Обычно по утрам, после завтрака, повторял я английские слова, выписанные накануне. Два раза в день повторял – утром и перед отбоем. Это вместо гимнастики, вместо ходьбы на месте, чтобы расшевелить сонные мозги. Потом, уже днем, брался за что посложнее. Только что устроился я на койке со своими словами, поджав под себя ноги, как открылась кормушка: «Десятая! Соберитесь все с вещами!» Этого-то нам и не хватало, начался проклятый денечек. Собирайся, да тащись, да устраивайся на новом месте – пропал день для занятий. Куда бы это, однако? Никогда эти бесы не скажут, вечная таинственность.
– Эй, начальник, начальник! Матрасовки брать? А матрацы? А посуду? – Это уже наша разведка. Если матрацы брать – значит, на этом корпусе куда-то. Если не брать – значит, на другой, а куда? Если матрасовки брать – значит, на первый или на третий: на втором свои дают, и посуду тоже.
– Все забирайте с собой, – говорит неопределенно начальник, туману напускает. Братцы, куда же это нас? Может, в карцер или на работу опять, на первый корпус? Опять, значит, в отказ пойдем, поволокут на строгий режим, на пониженную норму. А может, просто шмон? Это вот не дай Бог, это хуже всего. Книжки у меня распиханы по всей камере на случай шмона, всякие запрещенные вещицы – ножичек, несколько лезвий, шильце самодельное. Все сейчас заметут.
И заметались все! У каждого же своя заначка, своя забота. Скорее в бушлат, в вату засунуть – может, не найдут. В сапог тоже можно – да нет, стали последнее время сапоги брать на рентген. Человек не допросится на этот рентген, а сапоги – пожалуйста. Батюшки, сапоги! Я же их в ремонт сдал.
– Начальник! Звони насчет сапогов – в ремонте у меня сапоги. Без сапогов не пойду, начальник!
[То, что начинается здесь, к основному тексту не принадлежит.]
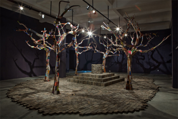 Maya Kramer, “From Where It Springs,” 2009. Recycled wood, old bricks, magazines, trash, computer, speakers. Courtesy the artist.

Я этого ремонта два месяца добивался, жалобы писал, требовал, бился, только взяли – и на тебе! Вернуть бы живыми, не до ремонта теперь, все к черту полетело. Хорошо, хоть позавтракать успели – к обеду, может, будем уже на новом месте. Куда ж это, однако, нас гонят?
Барахла у меня скопилось жуть, полная матрасовка. Казалось бы, какие вещи могут быть у человека в тюрьме? А и не заметишь, как оброс багажом. Освобождались понемногу ребята, уезжали назад в лагеря и бесценные свои богатства норовили оставить здесь, в наследство остающимся. Грешно увозить из тюрьмы то, что с таким трудом удалось протащить через шмоны. Каждая лишняя вещь – ценность. Вот три иностранных лезвия – за каждое из них можно договориться с баландером, и он будет неделю подогревать наших в карцере – три недели жизни для кого-то, может, и для меня. Тетради общие – тоже ценность, поди их достань. Три шариковые ручки, стержни для ручек, главное же – книги, не дай Бог шмон! Все это богатство скопилось у меня в опасном количестве, и никак я не мог исхитриться передать его кому-нибудь, кто остается дольше меня в тюрьме. Не попадал я с ними в одну камеру – не везло.
Но в общем-то похоже было, что просто переводят нас всех в другую камеру, а потому забрали мы и мыло, и тряпки свои, и веревочки всякие – на новом месте все очень пригодится, особенно если в камере раньше сидели уголовники. После них как после погрома: камера грязная, все побито и поломано, дня два чинить и чистить, мыть да скрести – и ни тряпок, ни мыла у них обычно не водится, поэтому даже половую тряпку забрали мы с собой.
Тьфу, ну, кажется, собрались. «Готовы?» – кричит начальник из-за двери. – Готовы!